Side Eye AI: Extracting Audio from Silent Images and Videos

In a remarkable fusion of science fiction and reality, scientist Kevin Fu and his team at Northeastern University have brought the concept of extracting audio from static images to life through the power of artificial intelligence (AI).

Their groundbreaking creation, known as Side Eye, is a machine learning tool that has pushed the boundaries of image analysis. With Side Eye, a still image can reveal the gender of the speaker in the room where the photo was taken, transcribe spoken words, and even pinpoint the location. Remarkably, this tool can also be applied to muted videos, unlocking a world of hidden audio content.
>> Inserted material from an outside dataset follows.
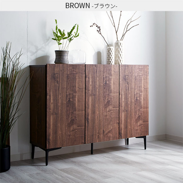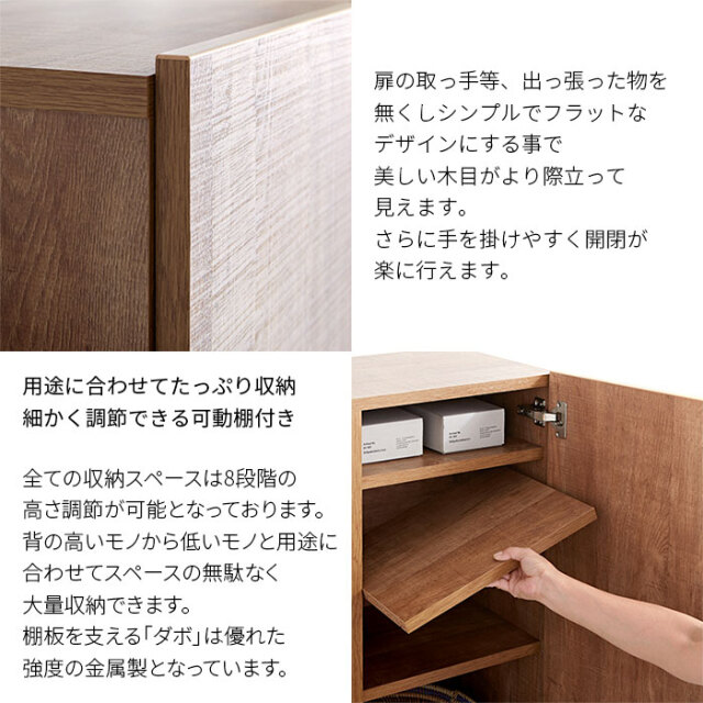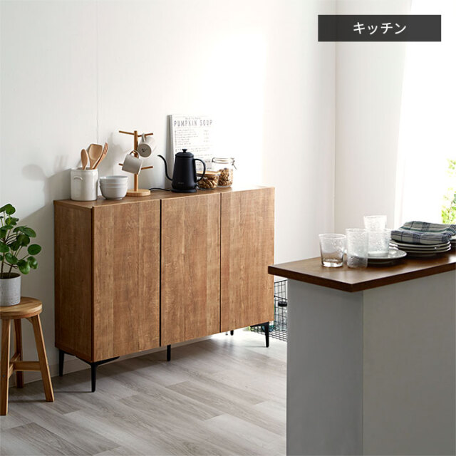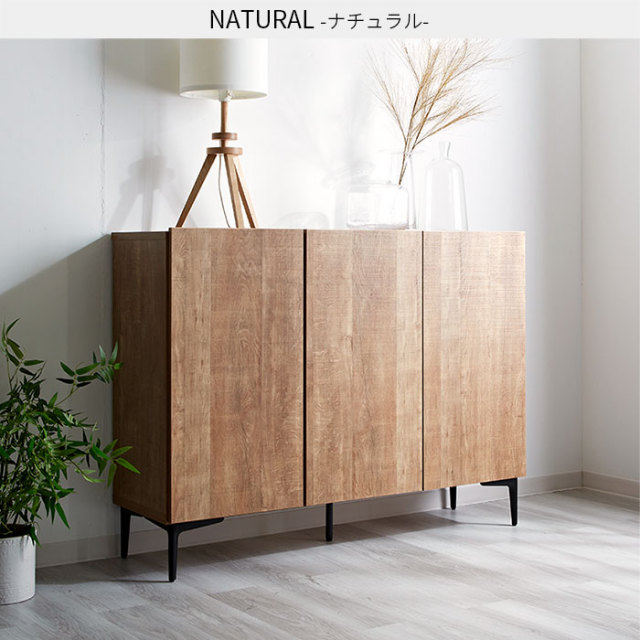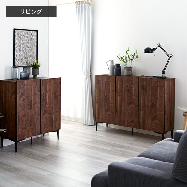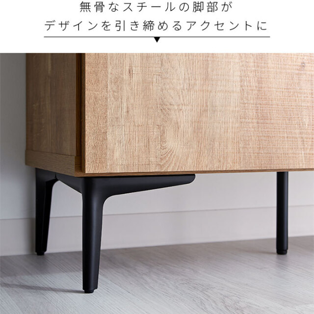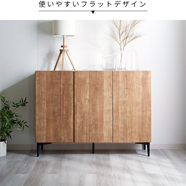 | 生活感の出やすい雑多な小物も扉で隠してすっきり。 中身の見えない大容量の収納スペースと木目調が魅力の美しいデザイン性で生活感を抑えた上質なお部屋づくりをして頂けます。 ブラックスチールの脚部で程良く個性を持たせたシンプルなフォルムの中に上質さを感じさせるデザインになっています。 見栄えはスッキリ美しく洗練された空間作りができます。 | |

Fu describes Side Eye’s potential by posing a scenario where someone records a TikTok video, mutes it, and adds music. The curiosity arises: what were they actually saying? Side Eye can uncover these hidden dialogues and shed light on off-camera conversations, adding a new dimension to multimedia analysis.
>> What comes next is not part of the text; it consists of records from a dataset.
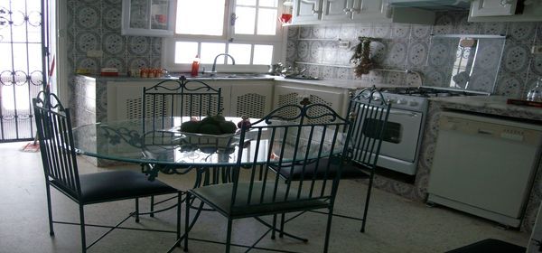 A louer à l'année à Hammam Sousse dériere l'hotel Cleopatre, une coquette villa, meublée avec goût composée d'un séjour, un salon, une salle à manger avec une terrasse donnant sur le jardin, trois chambres, une cuisine aménagée et équipée, une salle de bain, un WC indépendant. La villa est entourée par un joli jardin. Chauffage central, climatisation, gaz de ville. Un garage.
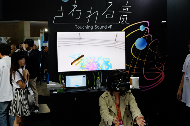 映像制作会社の太陽企画が、次世代ビジネスモデルをつくるためにスタートしたTAIYOKIKAKU R&Dでも、VRと音をマッチさせた取り組みをプッシュ。立体音響システムとVR技術を用いた「さわれる音」という体験コンテンツを展示した。
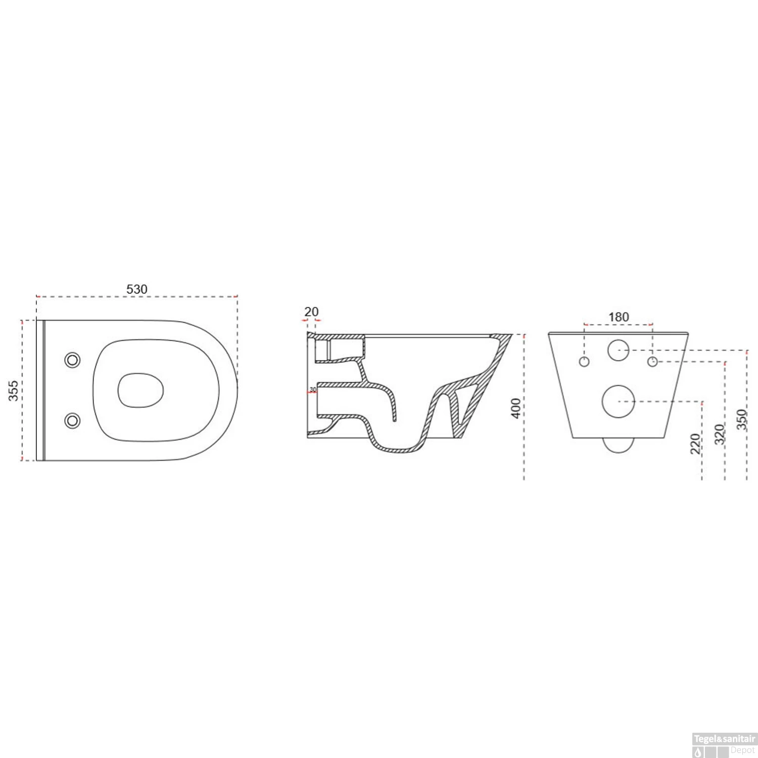 Specificaties Rimless Wandcloset Wiesbaden Luxe 53 cm met Ingebouwde Bidetkraan Warm/Koud Mat Zwart:
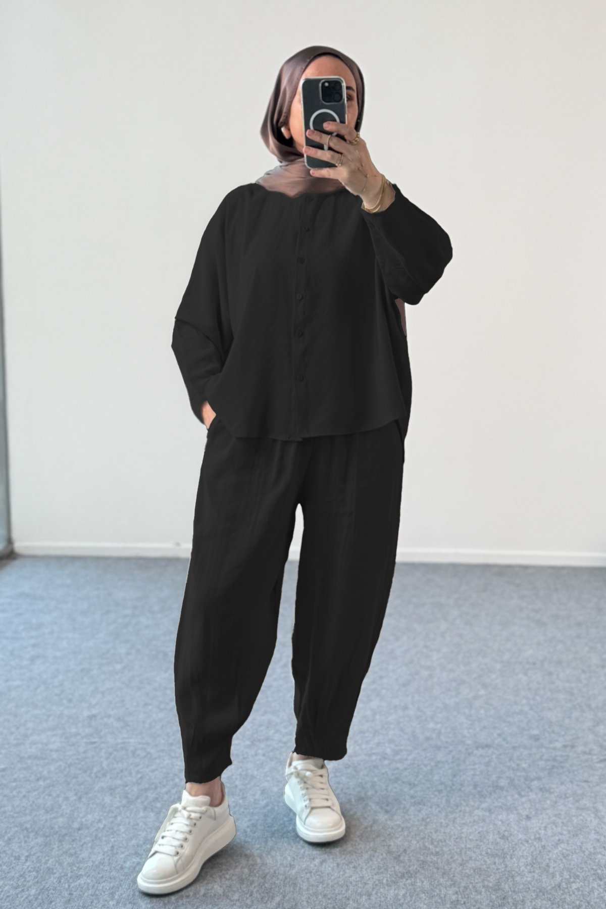 Modal Kumaş Oversize Gömlekli Şalvar Pantolonlu İkili Takım 5210 - Siyah
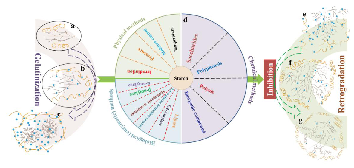 相關(guān)研究工作以“Inhibition of starch retrogradation: Advances in physical,chemical,and biological methods”為題發(fā)表在International Journal of Biological Macromolecules(2025,https://doi.org/10.1016/j.ijbiomac.2025.141390)上。鄭曉淵助理研究員為該論文第一作者,曾凡逵研究員為通訊作者。

The magic behind Side Eye lies in its ability to harness image stabilization technology found in most smartphone cameras. These cameras utilize springs submerged in liquid to stabilize images, compensating for the photographer’s shaky hand.

When someone speaks close to the camera lens during a photo, it generates subtle vibrations in the springs, altering the path of light. Side Eye capitalizes on this by extracting audio frequencies from these vibrations, made possible by the rolling shutter technique employed in most cameras.

This innovative technology, however, comes with both promise and peril. While Side Eye is still in its early stages and requires extensive training data to reach its full potential, its misuse could pose significant cybersecurity threats.

On the flip side, in the right hands and with further advancements, Side Eye could serve as a powerful digital tool for law enforcement agencies, aiding in crime investigations by providing valuable digital evidence. As this AI-driven tool evolves, it opens up new possibilities and challenges, reshaping the way we analyze and interpret visual content.